Multiple business organizations leverage the data they generate by storing it in robust Data Warehouses and performing analyses using Business Intelligence [BI] tools to gather actionable insights for optimizing strategies. Snowflake is one such Data Warehouse used by companies and Looker is a famous Data Visualization tool and BI platform that can help analyze this data from Snowflake. That is why, more often than, Looker Snowflake connectionis essential for most organizations.

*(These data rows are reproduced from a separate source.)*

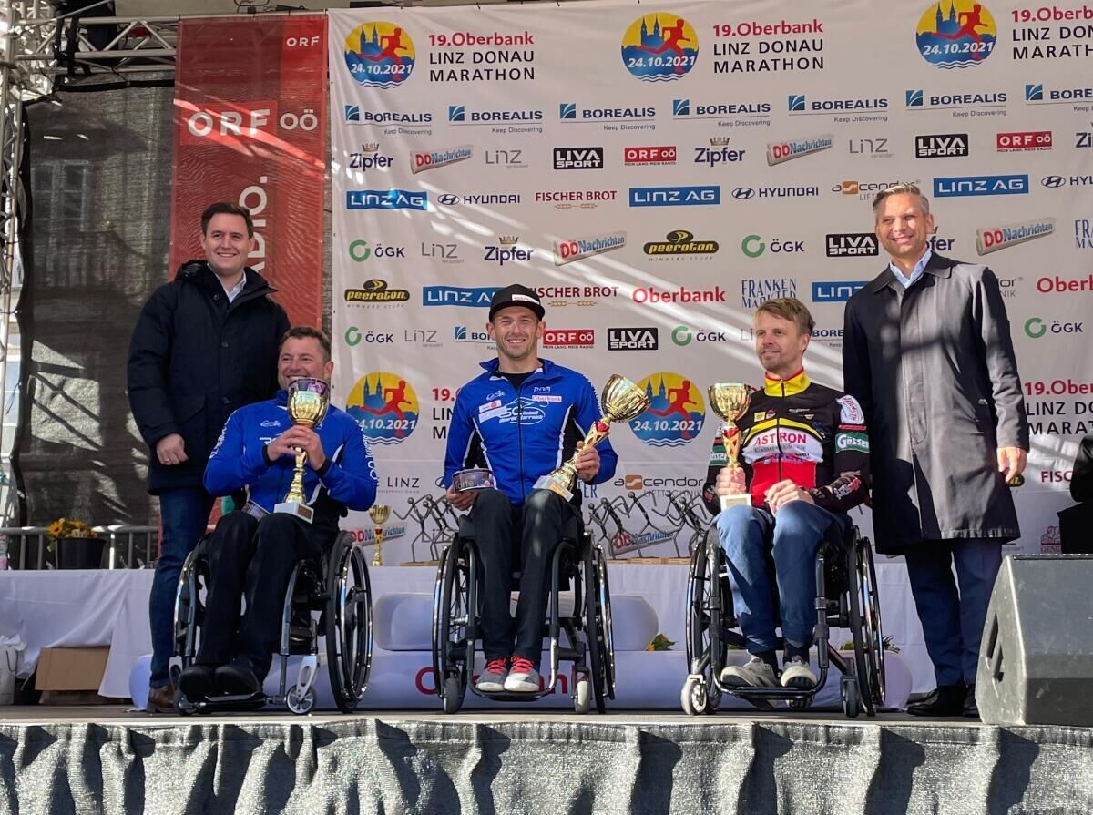 Es war dies die viertschnellste Zeit, die je ein Handbiker in Linz absolvierte. „Das Ergebnis war von der Zeit her ganz in Ordnung. Es freut mich, dass ich mich nach Thomas Frühwirth und Walter Ablinger in die Riege der Sieger einreihen kann. Dadurch, dass der Oberbank Linz Marathon als allererstes Handbikerennen nach meinem Unfall ein besonderes Rennen für mich ist, freut es mich nun umso mehr“, so der Silbermedaillengewinner von Tokio über sein Heimrennen. Obwohl die Saison jetzt mittlerweile schon sehr lange dauert, gibt es für den Oberösterreicher mit der WM in Abu Dhabi aber heuer noch ein weiteres Highlight: „Der Aufbau geht jetzt weiter. Jetzt heißt es die leichte Verkühlung ganz auszukurieren. Dann geht es zurück ins Wasser und mit dem Handbike auf die Walze. Ich hoffe, dass das dann Anfang November in Abu Dhabi ganz gut klappen wird.“
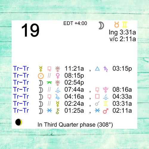The following aspects (major only) and positions are at noon (EDT) on July 19th:
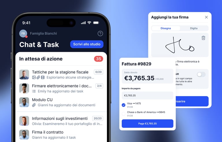 Con l’app mobile, i tuoi clienti possono interagire comodamente con il tuo studio proprio come farebbero dal portale web. Possono accedere ai documenti, consultarli, firmarli digitalmente, pagare fatture, inviare messaggi sicuri e molto altro – ovunque si trovino.
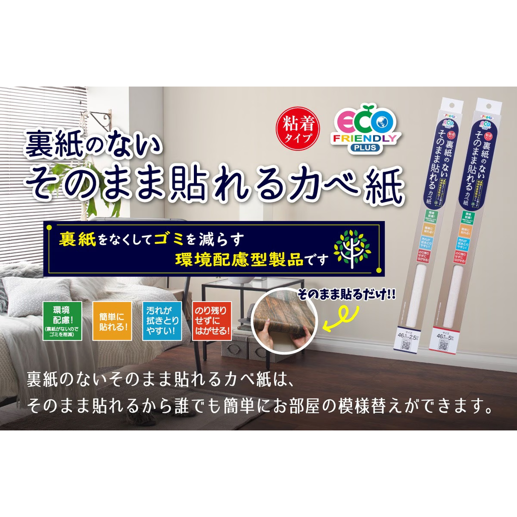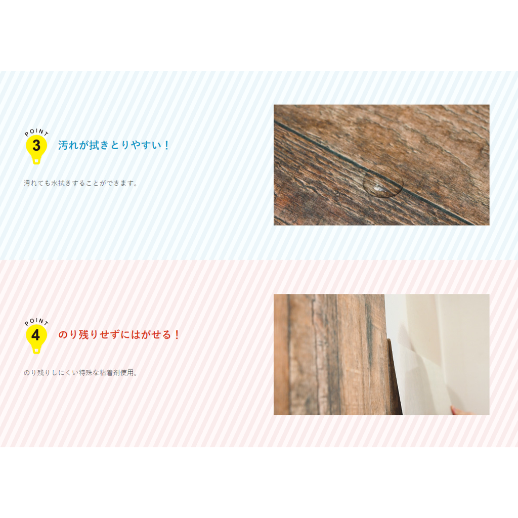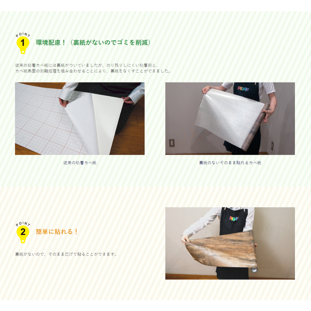 ●本品には下地が透けやすい特性があります。濃い色柄や濃いワンポイントがあるカベ紙に貼ると下地が透けて見えるので避けてください。
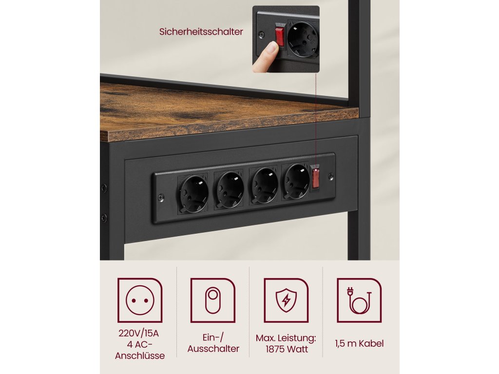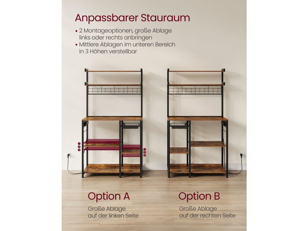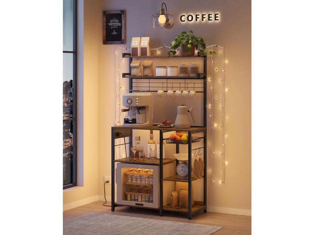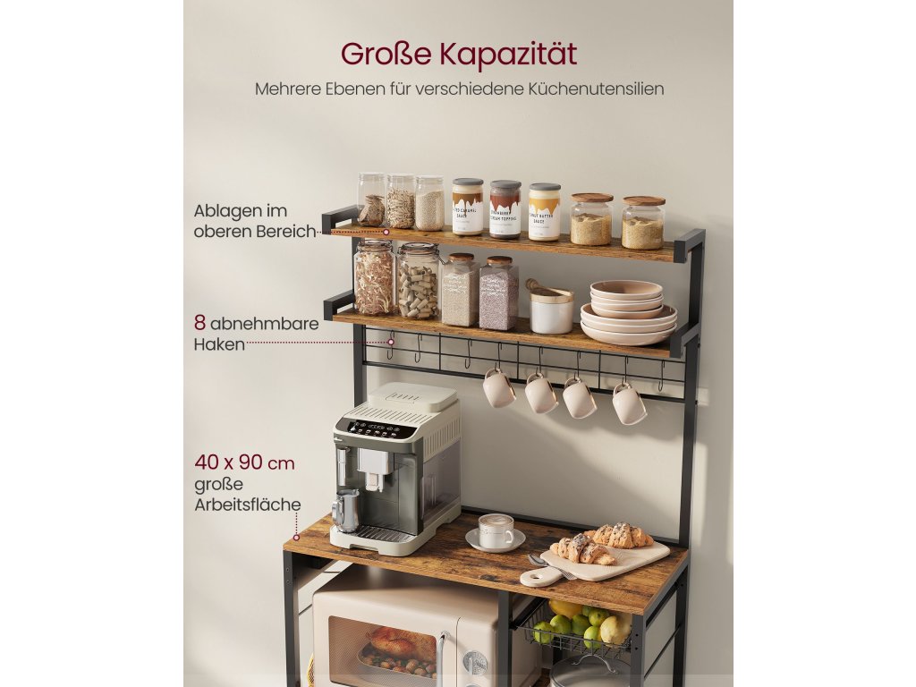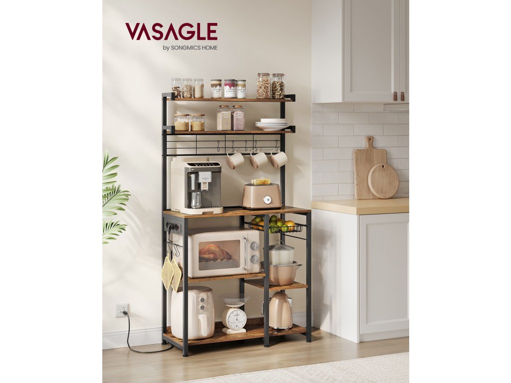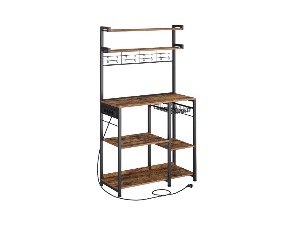 Bezpečná nabíjecí stanice Tento stojan na pečivo má napájecí lištu se 4 zásuvkami na střídavý proud, vybavenou ochranou proti přetížení a úniku a vypínačem, který poskytuje bezpečné napájení pro více zařízení.Nastavitelné a flexibilní Každá ze 2 spodních středních polic je výškově nastavitelná ve 3 úrovních, aby se do ní vešly věci různých velikostí. Kromě toho nabízí spodní prostor 2 možnosti nastavení pro všechny potřebyVíceúčelová Tato police má 8 S-háčků na zavěšení šálků nebo naběraček, 2 horní police na uložení koření nebo nádob na cereálie a výsuvný koš na příbory, čímž maximalizuje úložný prostor v kuchyni.Robustní, stabilní, stylový Dřevotřískové desky a ocelové trubky o tloušťce 2 cm zajišťují vysokou stabilitu. Nastavitelné nožičky a ochrana proti převrácení zajišťují bezpečnost a vintage hnědá povrchová úprava se hodí k mnoha dekoracím.Snadná montáž Díky přehlednému návodu a označeným dílům je montáž této kuchyňské police hračkou. Díky tomu si můžete rychle uspořádat pracovní desku a užívat si prostornějšího prostředí v kuchyni.| Kategorie: | Regály a poličky |
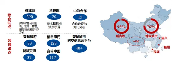 中国以政策先行,多层次多领域推动“智慧城市”试点示范建设。
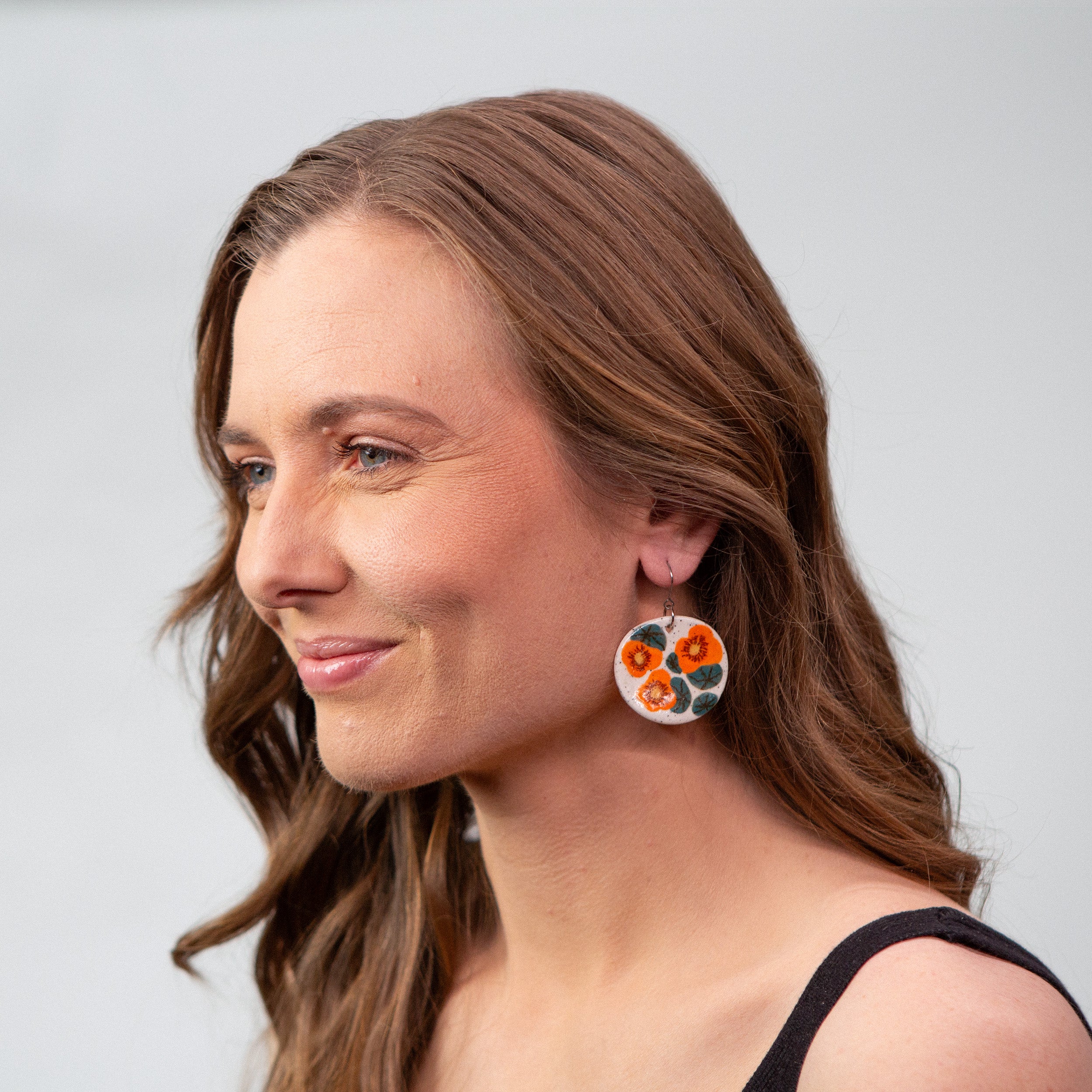 Add a pop of playful charm to your look with these handmade ceramic drop earrings, featuring a one-tier nasturtium flowers design. Lightweight and full of personality, they’re the perfect everyday accessory or a thoughtful handmade gift.
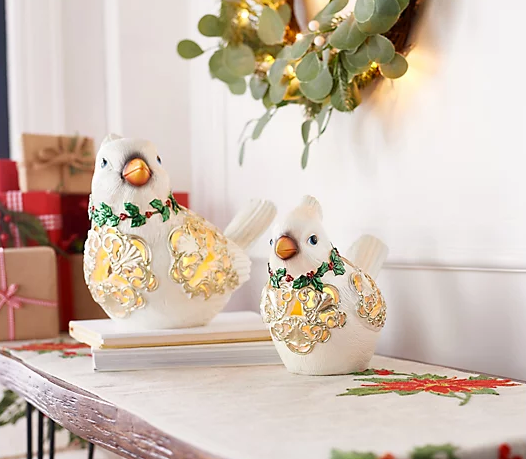 Kringle Express Pearl 2 Resin Cardinals With LED Candle
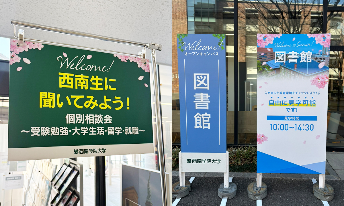 福岡市の大学 西南学院大学で春のオープンキャンパスを開催した。キャンパスを彩るべく、且つ参加者が分かりやすい動線案内ができるように看板・サインを制作し設置・撤去までを行いました。
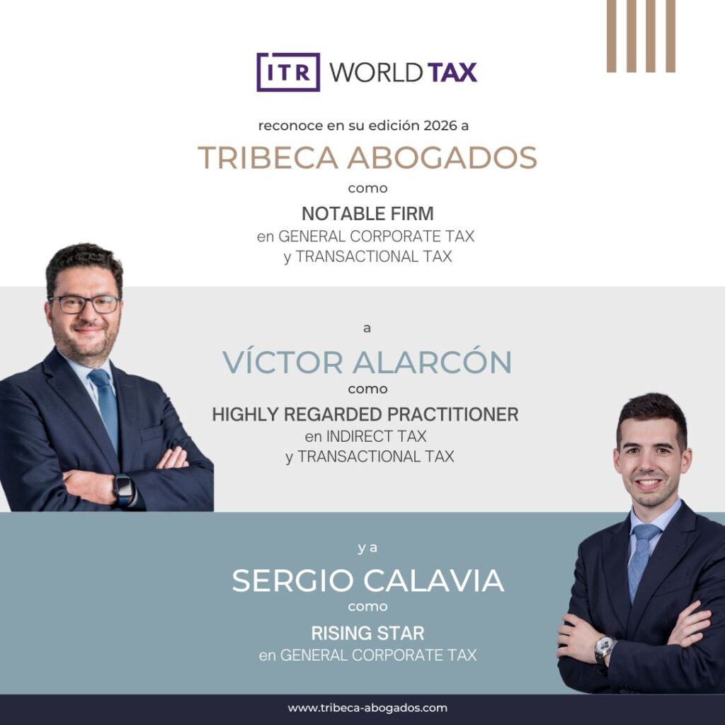 El directorio internacional ITR World Tax ha reconocido en su edición 2026 a TRIBECA ABOGADOS, destacando además las trayectorias individuales de Víctor Alarcón, como Highly Regarded Practitioner, y Sergio Calavia, como Rising Star.

In this article, you will be introduced to Looker, Snowflake, and their key features. You will be informed about the prerequisites of the Looker and Snowflake Integration, and learn about steps that can be followed to implement the Snowflake looker Integration.
Introduction to Snowflake
Snowflake is a powerful Cloud Data Warehouse platform that lets you not only store but also share data in real-time, fully leveraging cloud architecture. It’s perfect for businesses that want to avoid the hassle of maintaining in-house servers, as everything runs in the cloud. Snowflake offers top-notch performance, easily scales to meet your needs, and supports both structured and semi-structured data like CSV, XML, JSON, AVRO, and more. You can run fully relational queries with ANSI, ACID-compliant SQL. For more details, check out Snowflake’s documentation.
Key Features of Snowflake
Snowflake has the following features:
- Cloud Service Provision: The Snowflake Data Warehouse platform is completely hosted on Cloud infrastructure offered by Amazon Web Service, Microsoft Azure and Google Cloud with the option to choose the geographic region of the stored data.
- High Scalability: The user is provided with the ability to scale up and down rapidly in accordance with the business requirements and thus being more cost effective.
- Focus on Security: Along with the security features related to data storage such as encryption, there are a range of security measures to control data access such as restricting certain IP Addresses, Two-factor authentication etc.
- Low Administrative Requirements: As Snowflake is available as a Software-as-a-Service [SaaS], there is little requirement for setting up the IT infrastructure and maintaining a IT administrator over the deployment.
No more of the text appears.